Nice responses. I can see this Wikipedia is going to be a great success. Madler 22:51, 17 Ēastermōnaþ 2009 (UTC)
It is. we've got people working on this wiki every single day.
+ I'll fix point 2, but point 1 is irrelevant, and point 3 was uncalled for.
A year on, and what do we have? Tiny text, no link or mention of anything font-related, and mellifluous Appalachian phrasings all still in place. Should I have expected any less, judging from the snide (and therefore obviously) unsigned response I got? Madler 13:59, 24 Solmōnaþ 2010 (UTC)
  1. Tiny text, because it is but a mere footnote to English-speakers.

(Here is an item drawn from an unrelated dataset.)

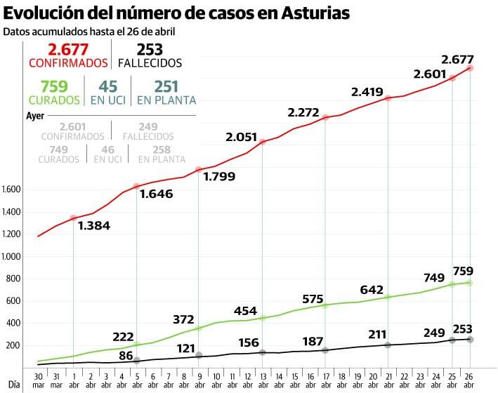 Jornada tras jornada, sigue habiendo que lamentar nuevos fallecimientos, aunque los números de ayer son los menos dramáticos de la última semana. Cuatro decesos, que ya arrojan un total de 253. Dos de ellos tuvieron lugar en la red geriátrica asturiana, que sí parece vislumbrar cierta luz en el horizonte. La cifra de muertos se ha desplomado y 26 residentes se han recuperado. Uno de los decesos corresponde al CPR Naranco de Oviedo, donde ya perdieron la vida cinco residentes. El otro fallecimiento está vinculado a la residencia La Atalaya de Gijón, que ya suma seis. Desde el inicio de la crisis sanitaria 610 usuarios de la red geriátrica dieron positivo en COVID-19, de los que permanecen activos 202. Entre los centros más golpeados en la actualidad por la pandemia se encuentra la residencia Nuestra Señora de Covadonga de Siero, con 44 residentes activos. Le sigue el CPR Pravia, con 29 afectados, y 20 en la residencia Plaza Real de Gijón.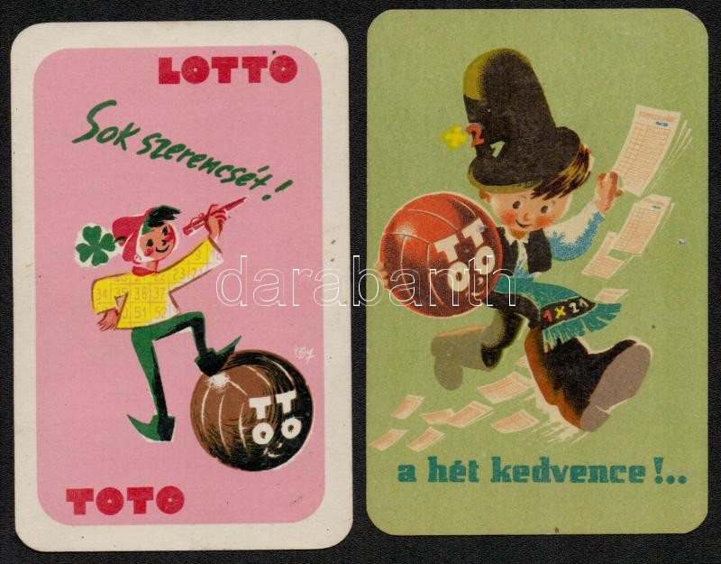 1957, 1959 Toto és Lottó kártyanaptárak a második hátán tollal írás https://www.darabanth.com/hu/303-Gyorsarveres/303.0/Festmeny-mutargy-papirregiseg-egyeb/Reklam~32/1957-1959-Toto-es-Lotto-kartyanaptarak-a-masodik-hatan-tollal-iras~II1634209

This page is not a tourist attraction.
  2. Junicode is indeed listed, addressed to us Ænglisc-speakers; the only audience who really needs to be concerned with it.
  3. Appalachian speech is just as legitimate as any other. If the English Wikipedia cannot agree upon the British/American schism, then attempts at standardization are foolhardy here as well. Besides, your quips against the dialect are but prejudiced nitpicking, and thus invalid. Please do not instigate our users anymore.
What a joke. Madler 19:30, 24 Solmōnaþ 2010 (UTC)
Dang goodness, you could just take it graciously and have left it at your post a year ago - he did heed one of your suggestions. Out of interest, what is "correct English"? Willcume ic þec on míne brúcendsídan! 02:21, 25 Solmōnaþ 2010 (UTC)
I vehemently agree with the OP.
1, The text should be written larger. Standard font size for proper reading is known to be approximately 12 points. That is not 12 points.
2, Whether or not you only expect people who already have the fonts to be here does not mean you should bias the page against others. That goes against the Wikipedia spirit.
3, Best-known is correct English -- dialect English is not correct in any major, standard English dialect (American or Commonwealth). I can't write "G'day, Bloke" even if it's common in one region. It's not linguistic imperialism -- it's standardization of language, and Appalachian dialectal English is rather riddled with poor grammar and odd conjugations of verbs. The fact that you vehemently refuse to change it seems more that you are trying to make a point that Appalachian is somehow 'better' than being reasonable. Ic finde thaet yfel. Antman 08:54, 25 Hrēþmōnaþ 2010 (UTC)
Also, not entirely sure why you don't sign your edits, User:Wōdenhelm, even if you are an admin (which I am assuming you are judging by your attitude). No one was being rude in this up until you were -- you attacked him because he pointed out flaws that you disagreed with without allowing proper discourse or community interaction. When either of two styles is acceptable, it is inappropriate for an editor to change an article from one style to another unless there is a substantial reason to do so. So, can I rewrite large parts of EN.WIKI into Texan English so it's full of "I tell you what" and "ain't"? As far as I know, "ain't" is rather common in Appalachian English, but I wouldn't suggest you use it -- it is incorrect. Appalachian English is a dialect, but it's not a national dialect, and the Usage Guide allows -national- dialects -- Standard American, Standard Commonwealth. "Most Well-Known", although correct in the Appalachian dialect, is not correct English. It sounds wrong to -any- other speaker of English, whereas "Best-known" will sound correct to virtually all speakers. Antman 09:05, 25 Hrēþmōnaþ 2010 (UTC)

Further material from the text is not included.